====== Information ======

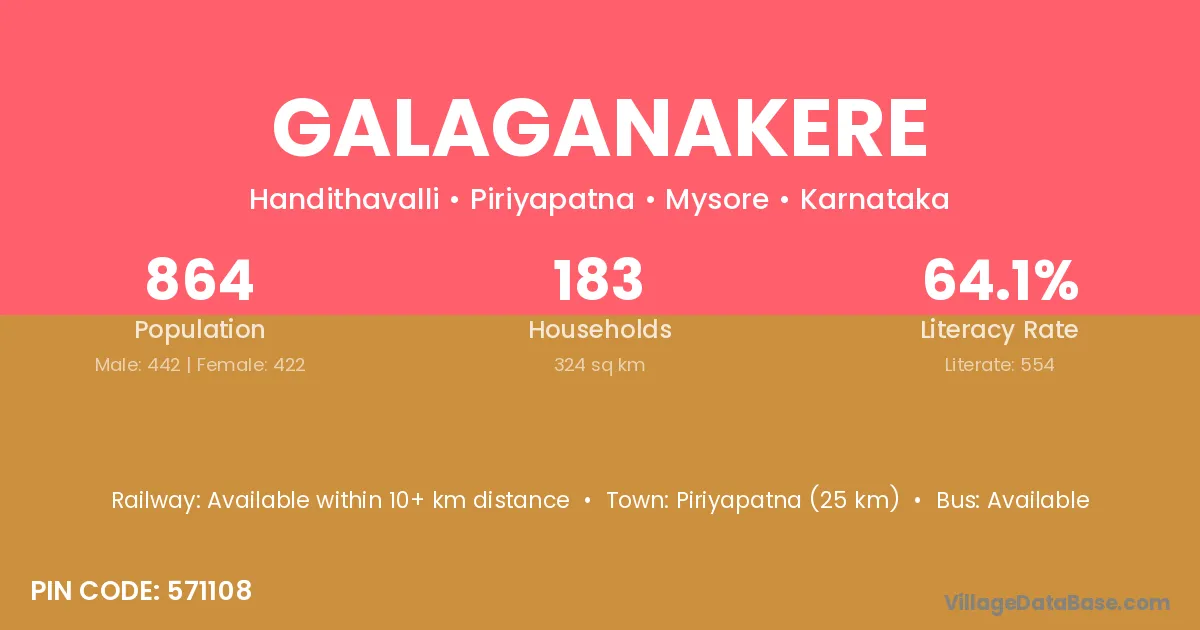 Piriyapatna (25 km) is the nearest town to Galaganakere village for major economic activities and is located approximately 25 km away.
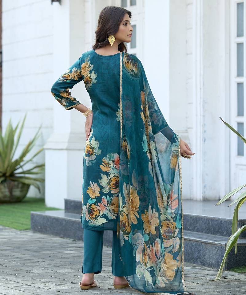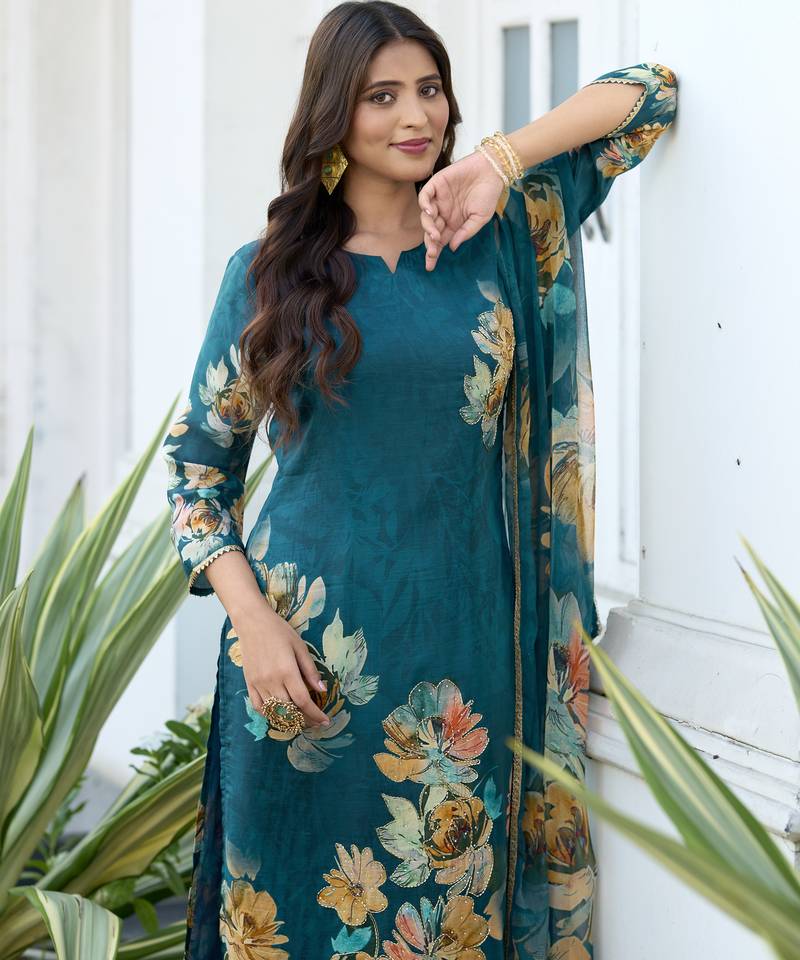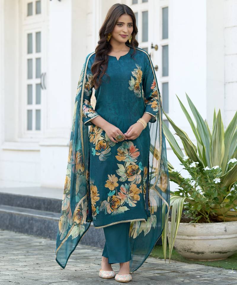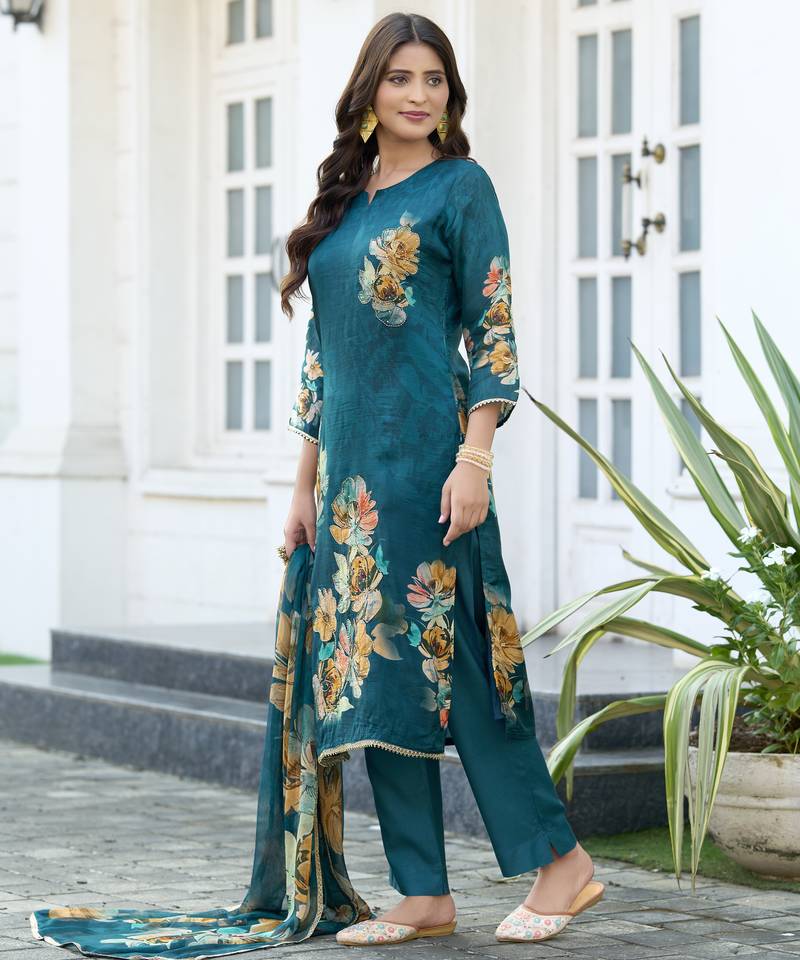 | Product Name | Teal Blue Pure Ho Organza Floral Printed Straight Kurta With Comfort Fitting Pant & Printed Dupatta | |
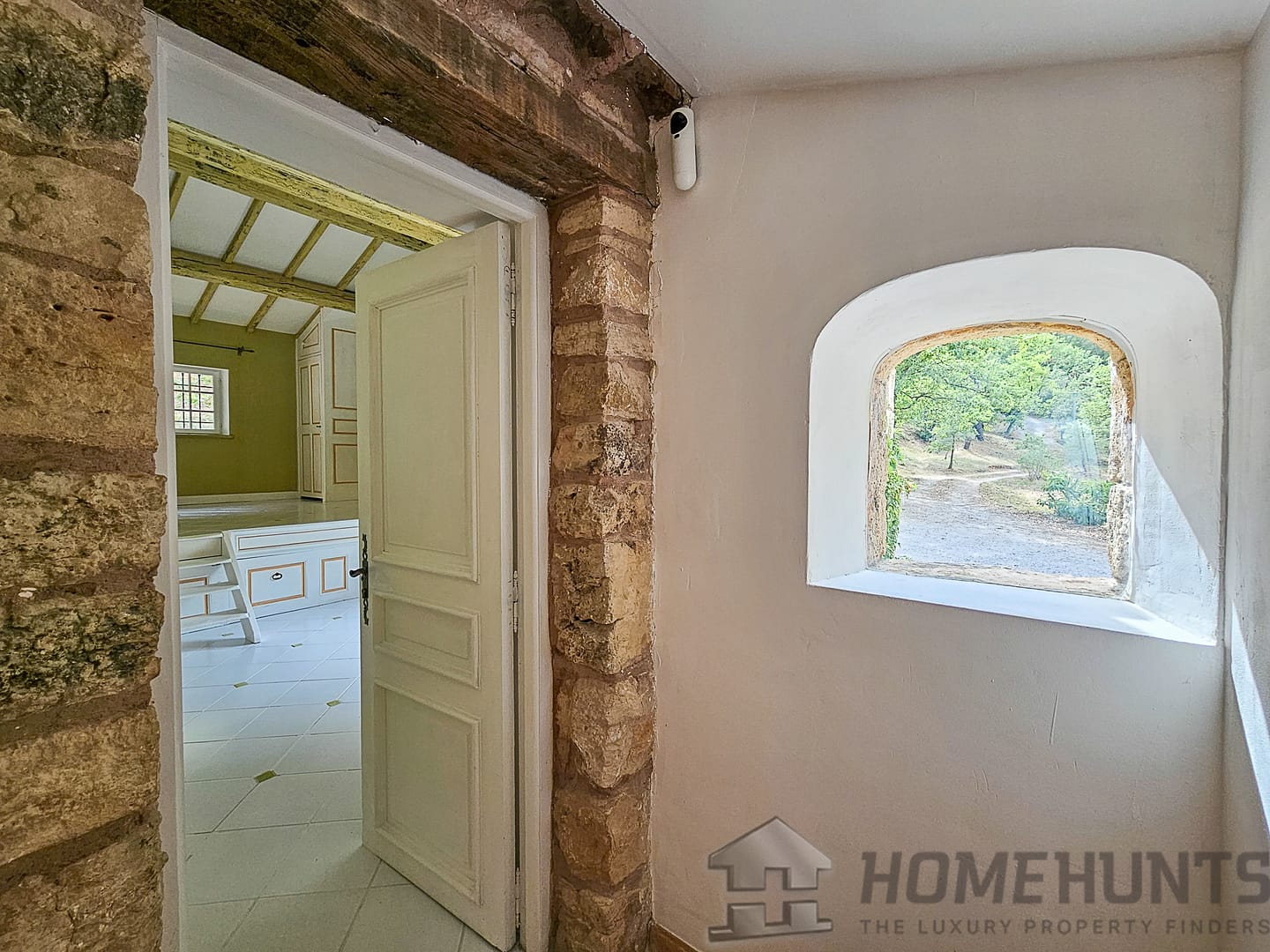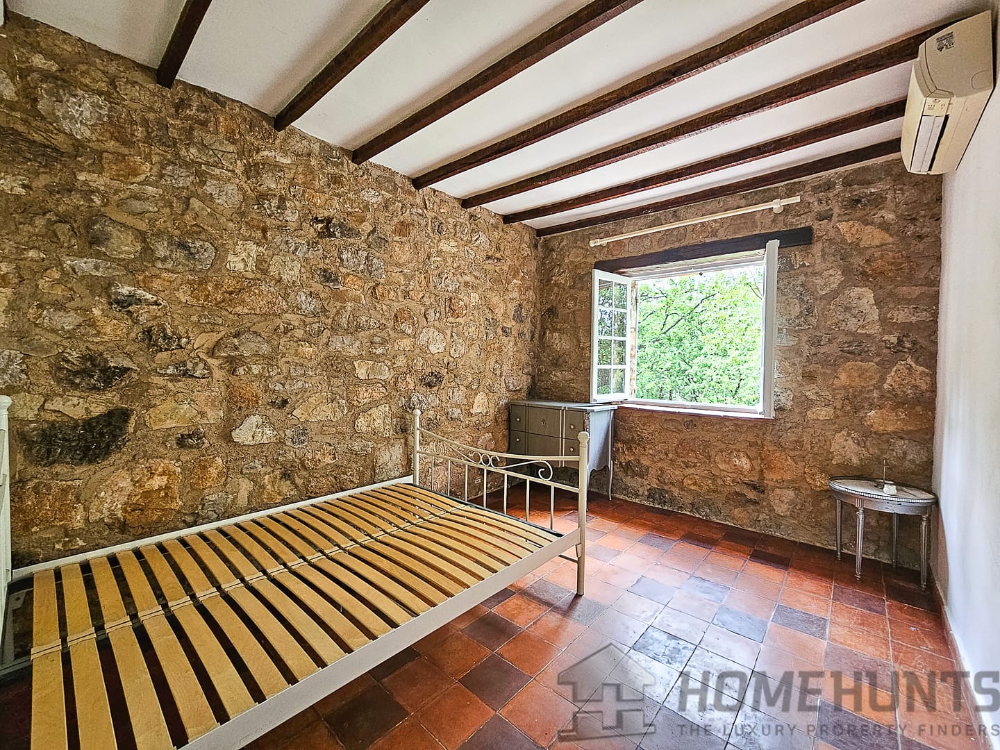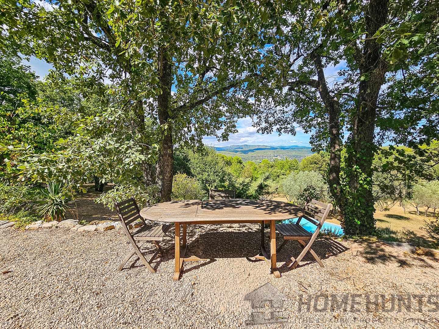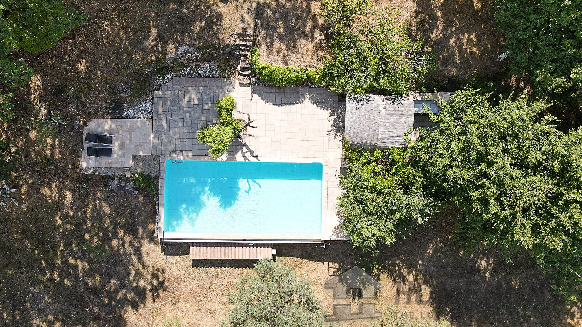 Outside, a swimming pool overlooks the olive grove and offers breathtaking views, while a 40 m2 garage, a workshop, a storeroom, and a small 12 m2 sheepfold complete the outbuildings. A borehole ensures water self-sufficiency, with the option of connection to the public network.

======
====== Information ======

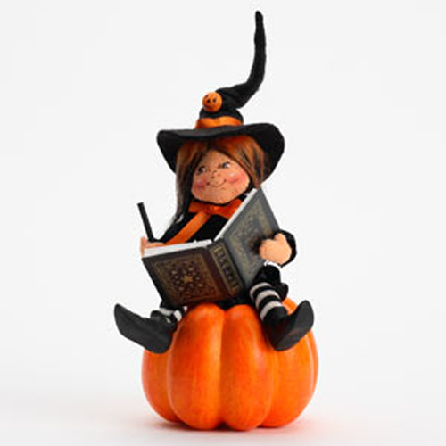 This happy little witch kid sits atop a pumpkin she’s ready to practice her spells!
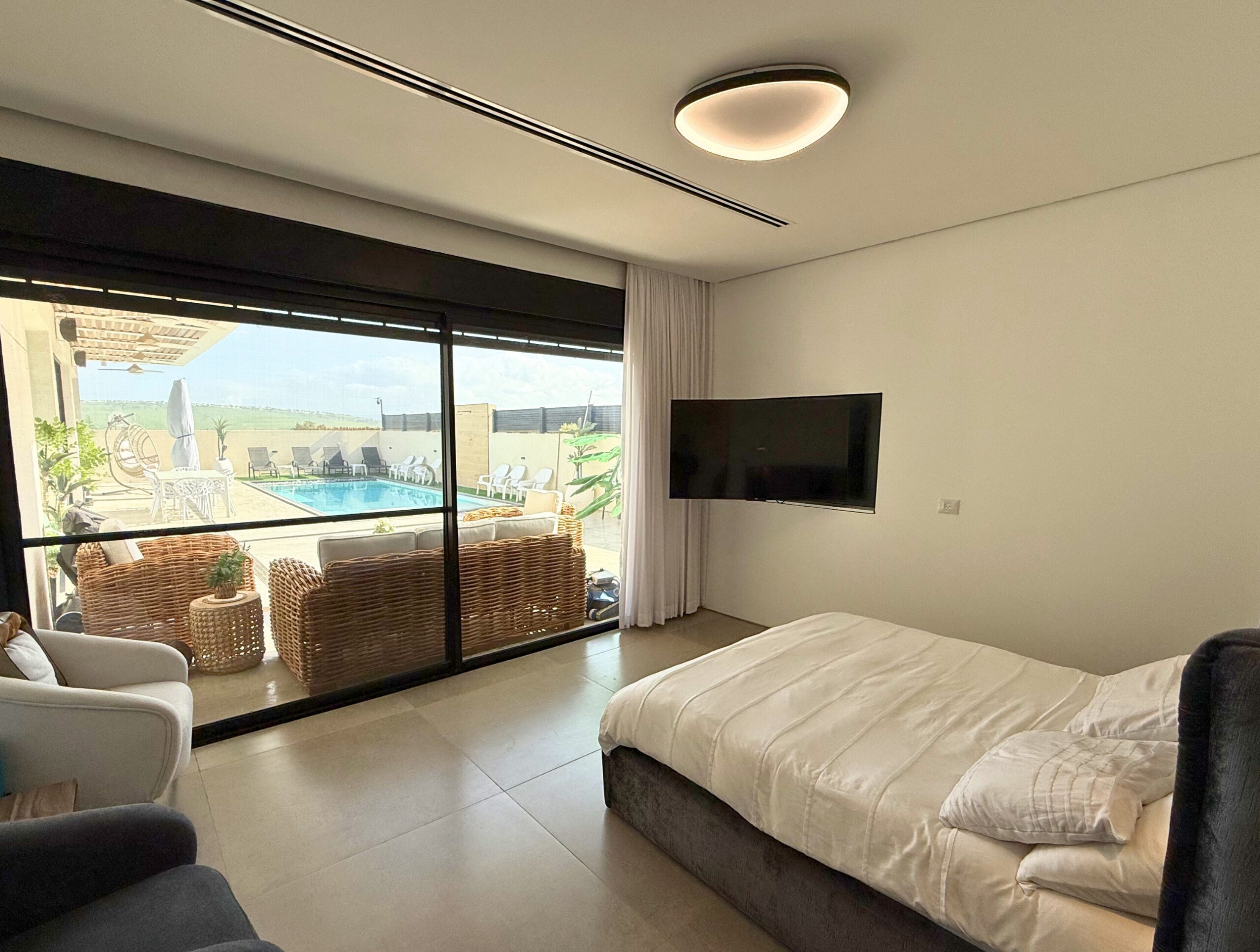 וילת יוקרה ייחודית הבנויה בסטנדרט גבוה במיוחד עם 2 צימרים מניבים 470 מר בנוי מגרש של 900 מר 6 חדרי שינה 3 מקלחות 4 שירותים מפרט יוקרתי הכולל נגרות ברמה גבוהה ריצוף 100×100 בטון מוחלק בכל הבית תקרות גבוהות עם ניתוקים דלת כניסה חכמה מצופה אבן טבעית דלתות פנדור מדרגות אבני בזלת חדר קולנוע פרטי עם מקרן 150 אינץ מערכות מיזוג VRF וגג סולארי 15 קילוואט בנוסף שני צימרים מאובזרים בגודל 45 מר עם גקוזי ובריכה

======

* [Task directions]:
With the pictures removed from your copy, retype the lines above from the one that contains "Piriyapatna (25 km)" through the one that contains "Outside, a swimming", exactly.

* [Written answer]:
 Piriyapatna (25 km) is the nearest town to Galaganakere village for major economic activities and is located approximately 25 km away.
 | Product Name | Teal Blue Pure Ho Organza Floral Printed Straight Kurta With Comfort Fitting Pant & Printed Dupatta | |
 Outside, a swimming pool overlooks the olive grove and offers breathtaking views, while a 40 m2 garage, a workshop, a storeroom, and a small 12 m2 sheepfold complete the outbuildings. A borehole ensures water self-sufficiency, with the option of connection to the public network.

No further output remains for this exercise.